Most of the humor contributed by the language is contained in the dialect of the expresssman, who is described by the narrator as "a plain man of fifty, with a simple, honest, good-natured face, and a breezy, practical heartiness in his general style." The expressman remains in character throughout the ordeal. He never complains or blames the narrator for bringing such a smelly box aboard the train. An example of his speech is:
"I've carried a many a one of 'em,--some of 'em considerable overdue, too,--but lordy, he just lays over 'em all!--and does it easy Cap., they was heliotrope to HIM!"
The expressman resembles Simon Wheeler who does most of the talking in Mark Twain's "The Celebrated Jumping Frog of Calaveras County." Both characters are just naturally funny without realizing it. Mark Twain had a genius for creating such dialogue. He does it throughout his novel Huckleberry Finn, and Huck Finn the narrator tells the whole story in his amusing rural Southern dialect.
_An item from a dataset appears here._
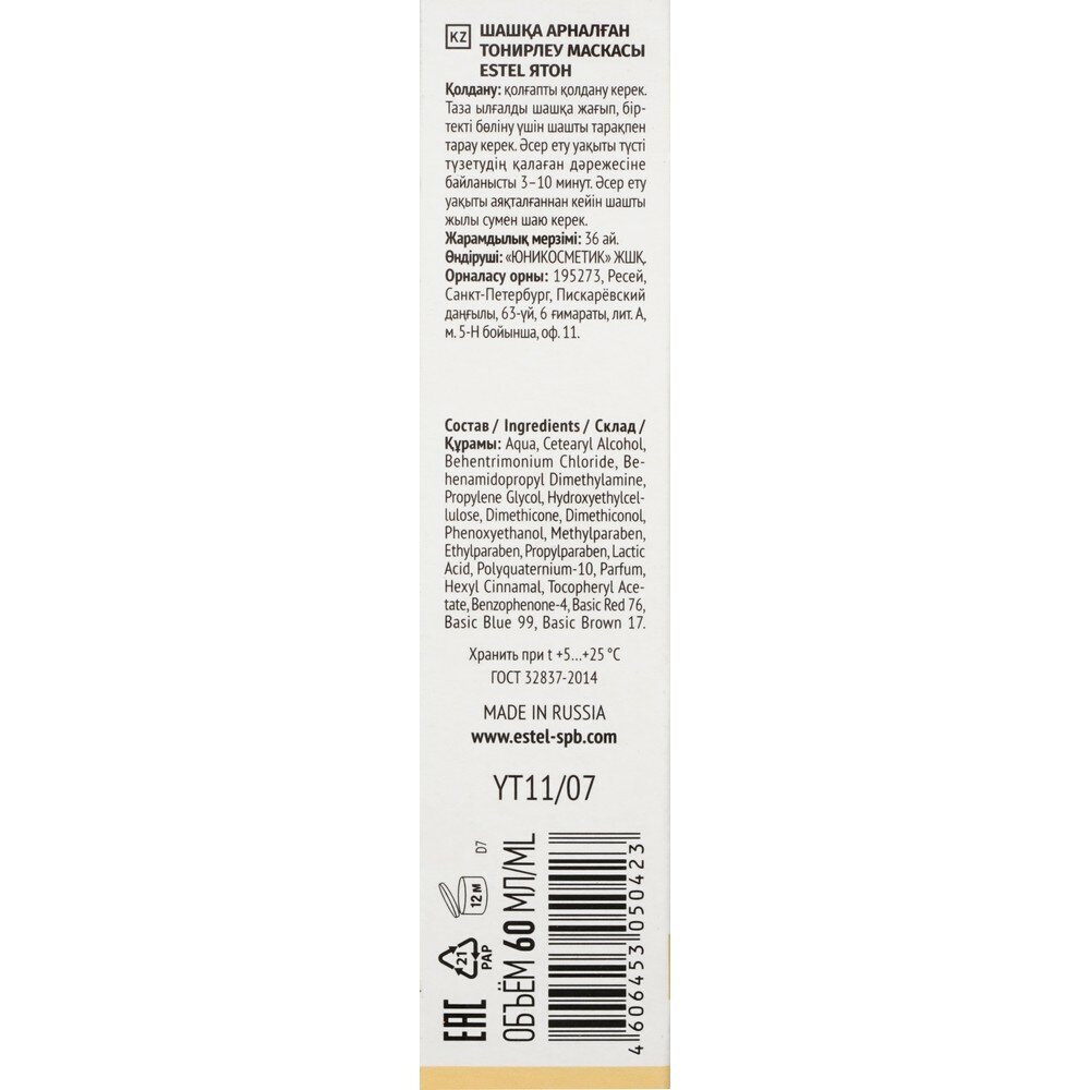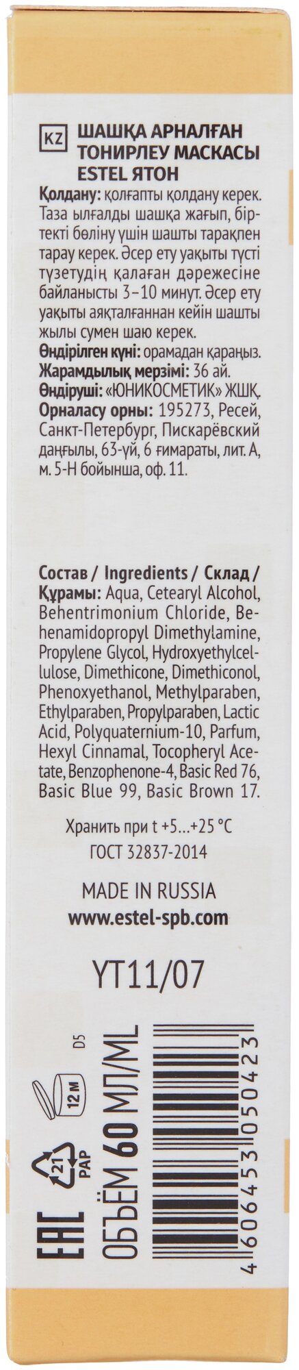 ESTEL Я Тон Маска для волос тонирующая, оттенок 11/07 Золотистый, 75 г, 60 мл, туба

The expressman is especially funny because he doesn't like to complain about the smell out of respect for the dead man and for the narrator whom he assumes to be a mourning relation.
Twain uses dramatic irony to create humor in his story. The reader knows that a bag of cheese was left on the box, but the two men in the train car do not. Their confusion about the smell is humorous because they attribute the smell to a rotting body while the reader is aware that it is the Limburger cheese that smells so bad. The men in the car go to outrageous lengths to try to cover up the smell, even to the point of smoking cigars. When the heavy cigar smoke does not mask it, they restort to burning things. The finally end up riding outside the train car and catching pneumonia to get away from the small that if they'd only investigated, would have disgarded the bag of cheese.